Oil companies need the credits, which are generated any time fuel companies blend a gallon of ethanol into gasoline, to prove they are complying with government mandates for biofuels use.
The influential oil lobby has protested that the surge in RIN prices two years ago hurt profits and would be passed along to consumers.
In its report, the EPA said that the volatile ethanol RIN market does not cause higher retail fuel prices nor hurt consumers at the pump, ultimately supporting a key argument of biofuels supporters.
Further, oil refiners “generally recover these costs in the prices of their petroleum blendstocks,” the EPA said.
The study bolsters the U.S. farm lobby’s case for higher corn-based ethanol use, Geoff Cooper, an economist with the Renewable Fuel Association, which represents ethanol producers, said in a conference call on Thursday.
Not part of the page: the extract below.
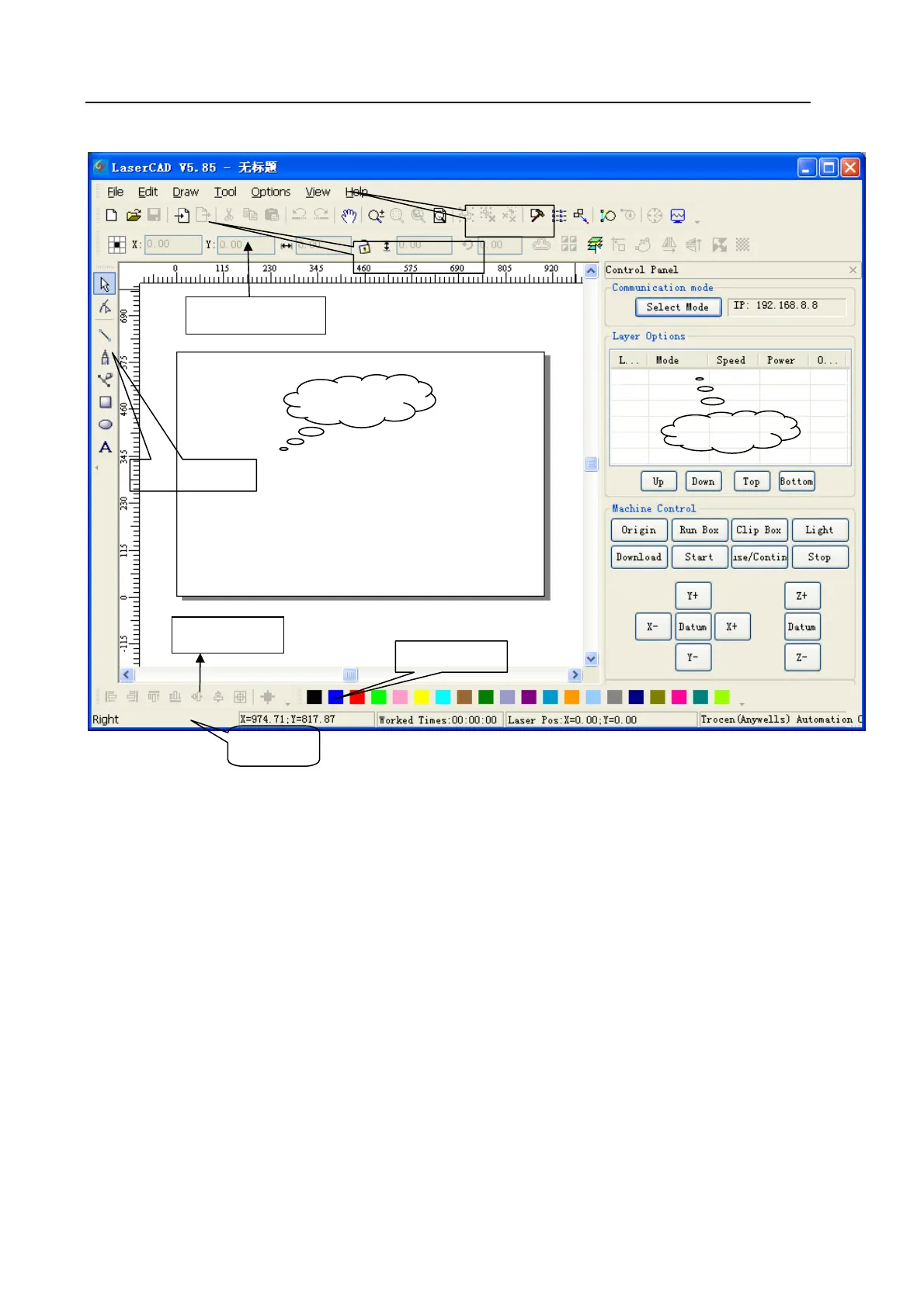 【Control panel】:Use control panel to finish several tasks of laser machining, including setting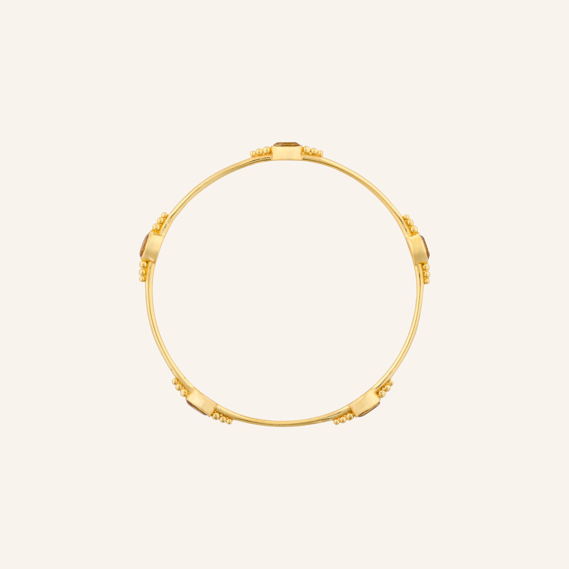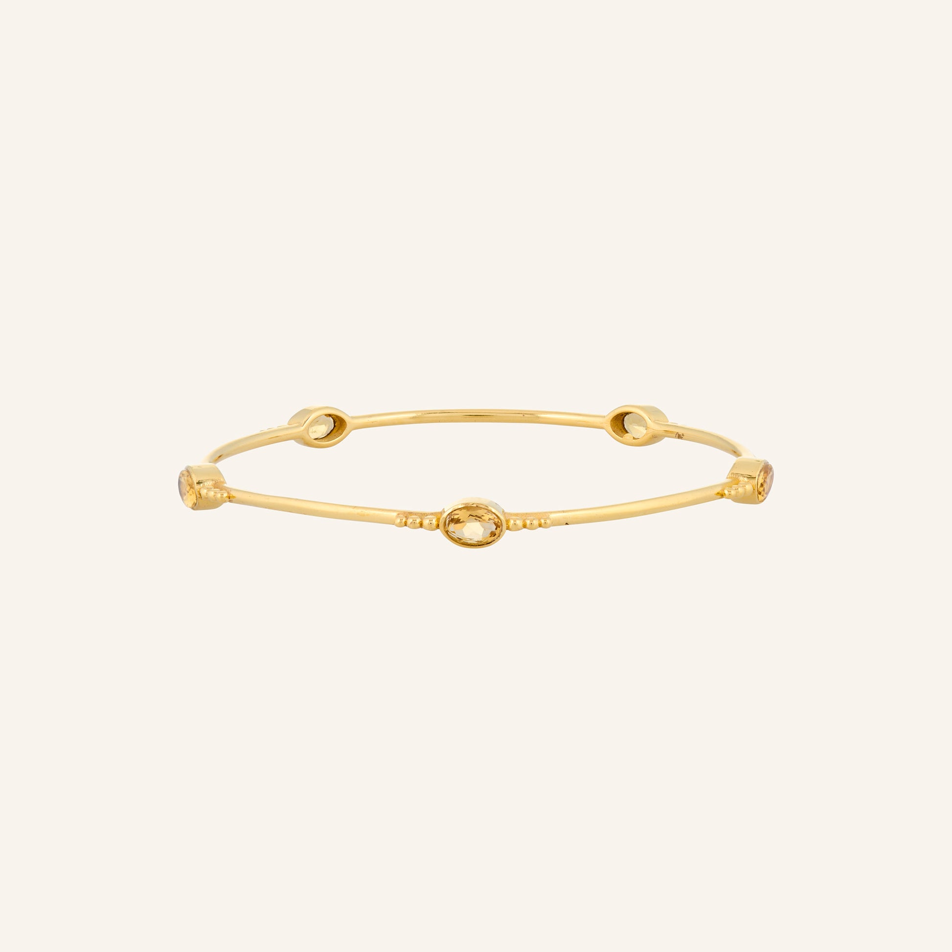 Le bracelet jonc pierre naturelle en Citrine doré est un jonc fin et élégant autrement appelé bangle. Fabriqué à la main, ce jonc pour femme en laiton doré à l'or fin est orné de 5 pierres naturelles, des citrines. Les pierres ovales et facettées sont serties et entourées de billes de laiton doré pour une touche de modernité. La citrine est une pierre fine lumineuse avec des reflets dorés. Ce bracelet jonc Gina est disponible en plusieurs tailles, afin de s'adapter à tous les poignets. Ce bracelet jonc femme tendance est également disponible dans une variété de couleurs et de pierres telles que le péridot avec qui il se mariera parfaitement.

“That’s something we’ve been arguing” for years, he said.
Refiners spent at least $1 billion last year on the credits, according to public filings analyzed by Reuters. In 2013, the bill was even higher at $1.35 billion after ethanol credit prices surged to as high as $1.45 each.
Ethanol RINs prices have plunged by a third to 45 cents each after the EPA proposed on May 29 cutting the ethanol requirements more than many expected.
Oil advocates questioned the analysis and said there could be a RINS shortage next year.
“If you can’t get enough you can’t sell fuel,” said Brendan Williams of the American Fuel & Petrochemical Manufacturers.